━━ Dataset records

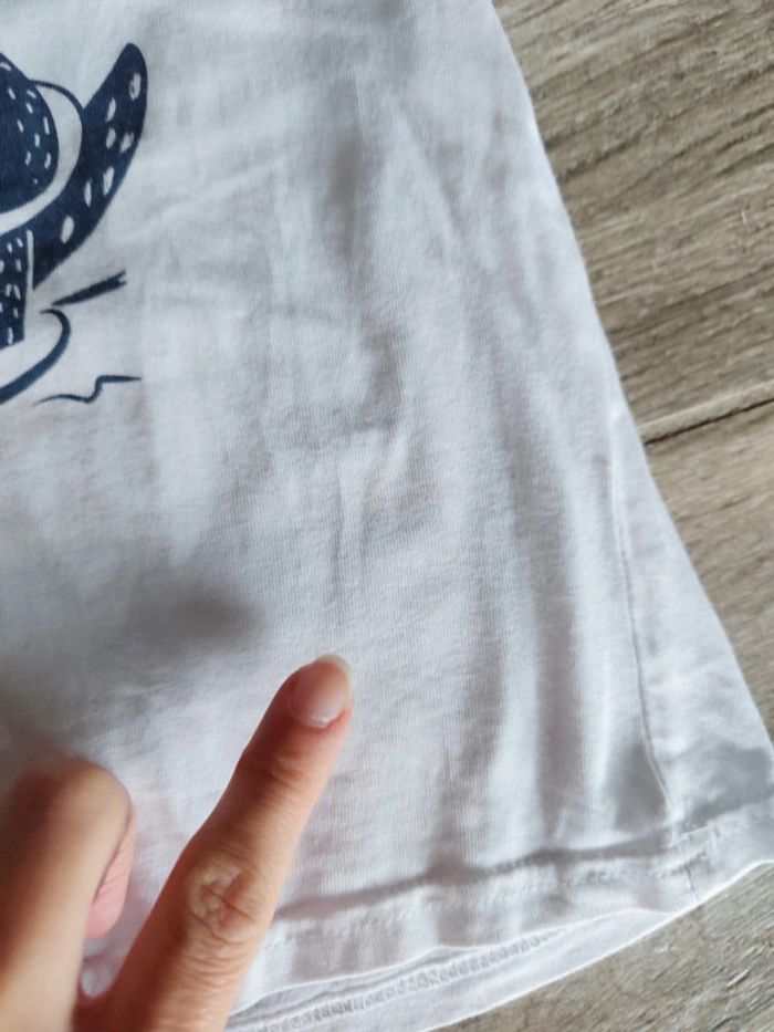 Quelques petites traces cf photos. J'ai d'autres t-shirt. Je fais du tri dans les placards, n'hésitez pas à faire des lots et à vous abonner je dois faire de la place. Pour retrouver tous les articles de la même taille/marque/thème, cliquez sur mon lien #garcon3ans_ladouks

━━━━
━━ Dataset records

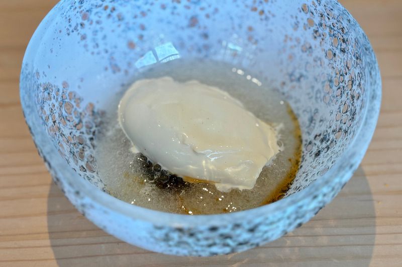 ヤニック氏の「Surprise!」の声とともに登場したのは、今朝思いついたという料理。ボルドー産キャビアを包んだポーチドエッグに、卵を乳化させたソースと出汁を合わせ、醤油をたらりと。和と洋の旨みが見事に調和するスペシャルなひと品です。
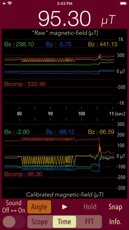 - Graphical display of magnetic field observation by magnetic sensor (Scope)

━━━━

* Task item *
Return the material from the line containing "ヤニック氏の「Surpris" through the line containing "- Graphical display", exactly and in full, but without its pictures.

* Solution for this task *
 ヤニック氏の「Surprise!」の声とともに登場したのは、今朝思いついたという料理。ボルドー産キャビアを包んだポーチドエッグに、卵を乳化させたソースと出汁を合わせ、醤油をたらりと。和と洋の旨みが見事に調和するスペシャルなひと品です。
 - Graphical display of magnetic field observation by magnetic sensor (Scope)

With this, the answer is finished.